> _Your objective_
Find the line with "Sala de estar" in the records below. Copy it and every line after it, up to and including the line with "あえて丸首のインナーを合わせ、".

> _Records_
################

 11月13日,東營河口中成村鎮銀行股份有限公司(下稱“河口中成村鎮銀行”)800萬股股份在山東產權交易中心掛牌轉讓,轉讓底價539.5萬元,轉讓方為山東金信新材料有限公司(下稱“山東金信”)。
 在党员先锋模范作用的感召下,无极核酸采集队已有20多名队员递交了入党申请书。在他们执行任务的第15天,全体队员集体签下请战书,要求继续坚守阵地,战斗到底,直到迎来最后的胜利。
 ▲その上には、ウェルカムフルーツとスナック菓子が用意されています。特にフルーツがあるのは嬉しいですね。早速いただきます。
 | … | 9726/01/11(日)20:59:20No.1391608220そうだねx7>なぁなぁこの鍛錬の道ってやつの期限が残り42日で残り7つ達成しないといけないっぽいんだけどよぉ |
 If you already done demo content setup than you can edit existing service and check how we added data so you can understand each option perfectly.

################

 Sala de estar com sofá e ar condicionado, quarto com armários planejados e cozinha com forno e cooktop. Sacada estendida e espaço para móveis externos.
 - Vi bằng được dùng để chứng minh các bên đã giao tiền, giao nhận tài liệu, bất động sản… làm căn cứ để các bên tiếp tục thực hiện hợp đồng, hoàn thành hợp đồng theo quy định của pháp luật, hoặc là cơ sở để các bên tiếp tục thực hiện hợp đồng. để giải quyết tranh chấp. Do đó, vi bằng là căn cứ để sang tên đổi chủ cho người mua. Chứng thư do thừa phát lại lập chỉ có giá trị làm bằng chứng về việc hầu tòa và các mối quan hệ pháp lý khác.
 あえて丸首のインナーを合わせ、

################

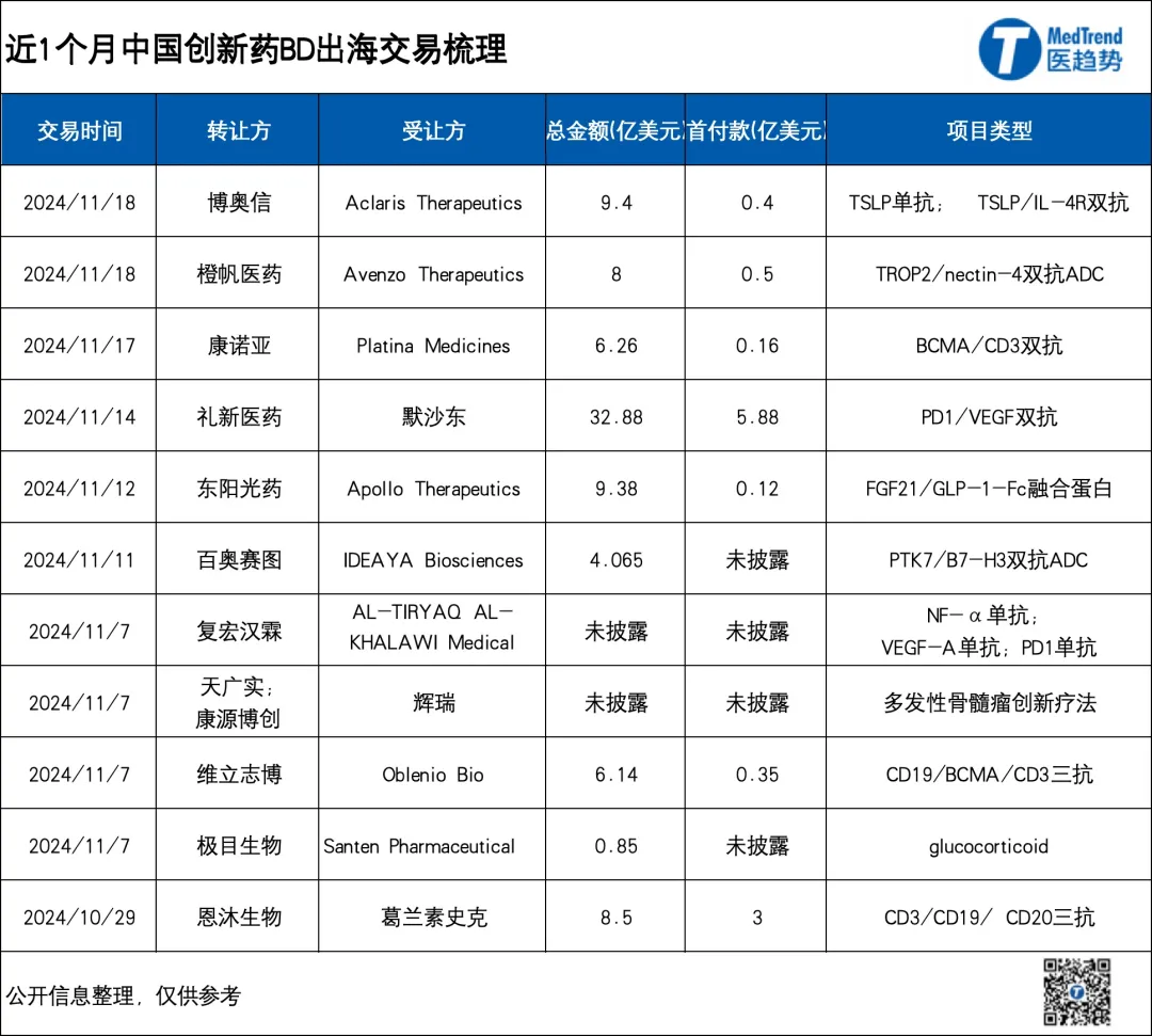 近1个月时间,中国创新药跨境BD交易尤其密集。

################

> _Task response_
 Sala de estar com sofá e ar condicionado, quarto com armários planejados e cozinha com forno e cooktop. Sacada estendida e espaço para móveis externos.
 - Vi bằng được dùng để chứng minh các bên đã giao tiền, giao nhận tài liệu, bất động sản… làm căn cứ để các bên tiếp tục thực hiện hợp đồng, hoàn thành hợp đồng theo quy định của pháp luật, hoặc là cơ sở để các bên tiếp tục thực hiện hợp đồng. để giải quyết tranh chấp. Do đó, vi bằng là căn cứ để sang tên đổi chủ cho người mua. Chứng thư do thừa phát lại lập chỉ có giá trị làm bằng chứng về việc hầu tòa và các mối quan hệ pháp lý khác.
 あえて丸首のインナーを合わせ、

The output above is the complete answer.